Similarly with protobuf, I find that it usually optimizes for the wrong thing. To be clear, one of my other fundamental philosophies about engineering is that performance is king and that you should try to make things fast, but there are certainly diminishing returns, especially in codebases where humans interact frequently with the data. Protobufs make things fast at a cost, and that cost is typically clarity and human readability. Versioning also creates more friction. I've seen teams spend an inordinate amount of effort trying to ensure that both the producer and consumer are using the same versions.

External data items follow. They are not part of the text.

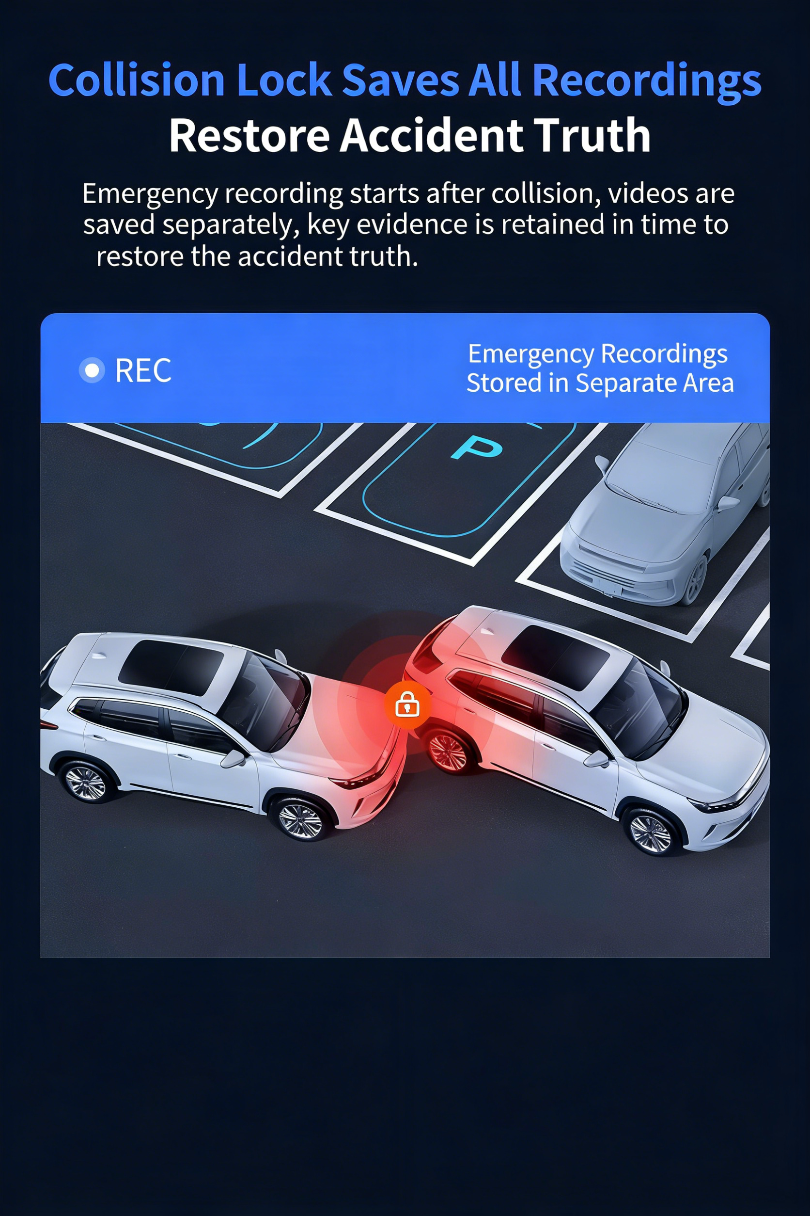 Ütközés rögzítő funkció:Ütközés esetén a rendszer automatikusan zárolja a videót, megőrzi a kulcsfontosságú bizonyítékokat, segítve a baleset körülményeinek visszaállítását. 💥📹
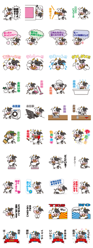 干支 丑(牛) 。ウシは、牧場にいる子供や女性にも人気の動物です。自分の大切な家族やパパ、身近なお友達との日常の会話にどうぞ。
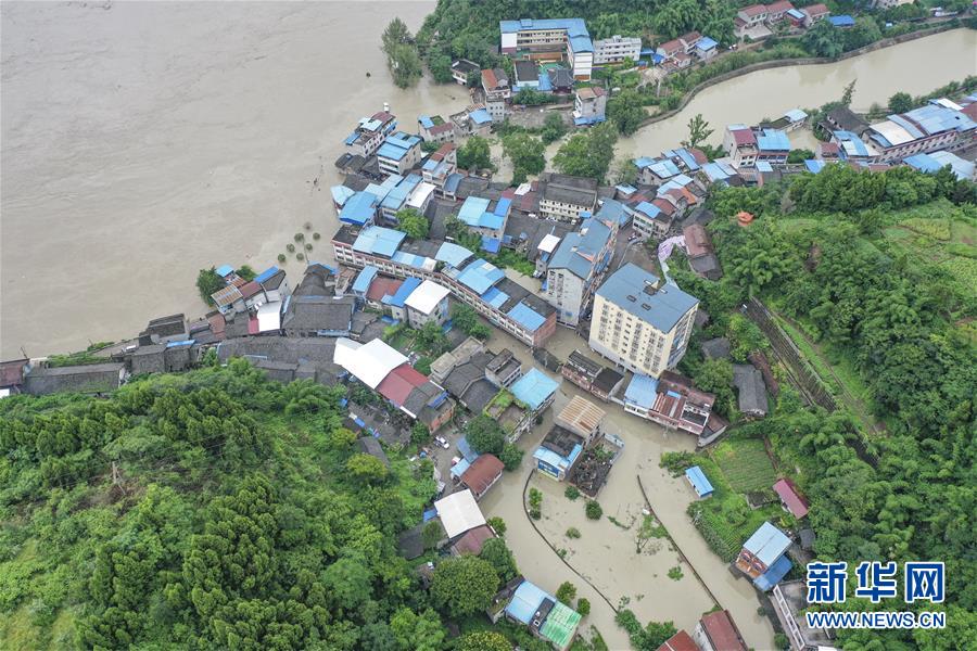 8月13日,在重慶市潼南區(qū)米心鎮(zhèn),涪江水位明顯上漲,洪水倒灌進(jìn)場鎮(zhèn)(無人機(jī)照片)。受上游強(qiáng)降雨影響,嘉陵江近日出現(xiàn)明顯漲水過程,“嘉陵江2020年第1號洪水”已在嘉陵江支流涪江形成。重慶市正式啟動洪水防御Ⅱ級應(yīng)急響應(yīng)。據(jù)初步統(tǒng)計,截至13日16時30分,位于涪江畔的重慶市潼南區(qū),沿涪江7個鎮(zhèn)街不同程度受災(zāi),受災(zāi)人數(shù)8209人,轉(zhuǎn)移人口6658人,農(nóng)作物受災(zāi)面積5579畝。新華社記者黃偉攝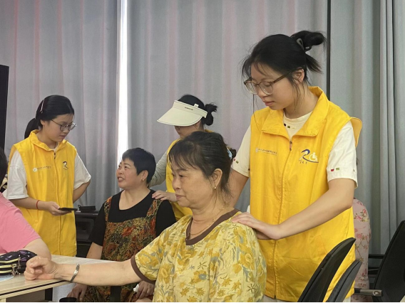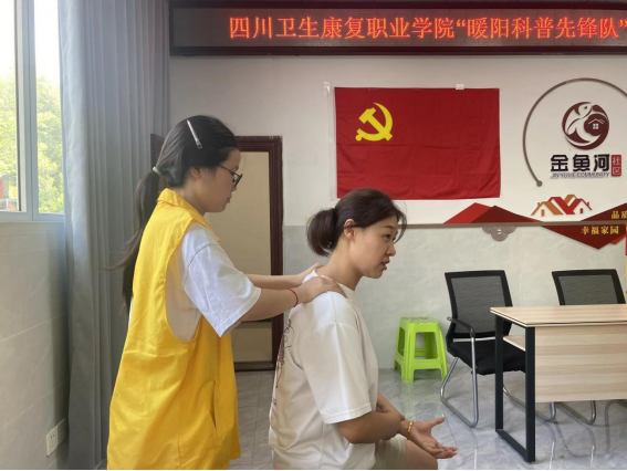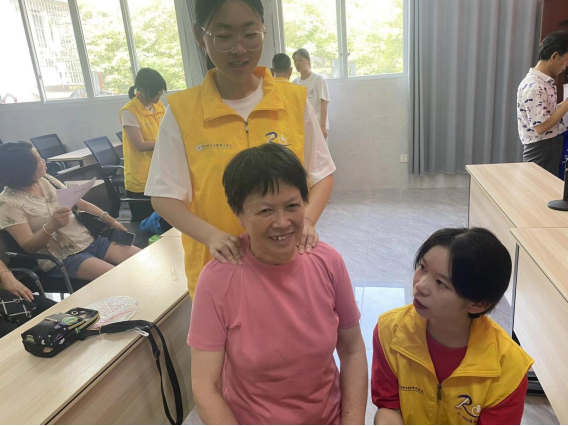 “您这肩颈劳损得常按风池穴,平时捡东西记得先蹲下再起身”,推拿体验区里,队员们一边为居民做肩颈、腰背按摩,一边同步讲解居家康复技巧。穴位推拿让长期受疼痛困扰的居民直呼“舒服”,而“揉足三里健脾胃”“拍八虚促循环”等简易方法,更是把“康复小课堂”的知识延伸到了日常生活中。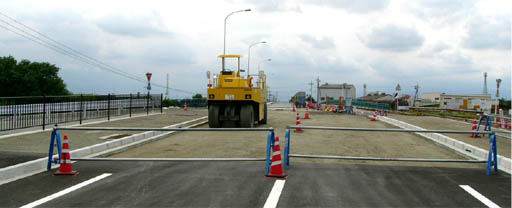![]() 橋梁西側の道路で舗装工事中 2011/7/16 ![]() 左岸側橋台部 2011/7/16 ![]() 左岸橋台の東側の新設道路 2011/7/16 |

This is not to say that protobufs are useless. It's great for enforcing API contracts at the code level, and it provides those speed improvements OP mentions. There are certain high-throughput use-cases where this complexity and relative opaqueness is not only an acceptable trade off, but the right one to make. But I've found that it's not particularly common, and people reaching for protobufs are often optimizing for the wrong things. Again, clarity over cleverness and simplicity over complexity.
I know one of the arguments is "it's better for situations where you control both sides," but if you're in any kind of team with more than a couple of engineers, this stops being true. Even if your internal API is controlled by "us," that "us" can sometimes span 100+ engineers, and you might as well consider it a public API.
I'm not a protobuf hater, I just think that the vast majority of engineers would go through their careers without ever touching protobufs, never miss it, never need it, and never find themselves where eking out that extra performance is truly worth the hassle.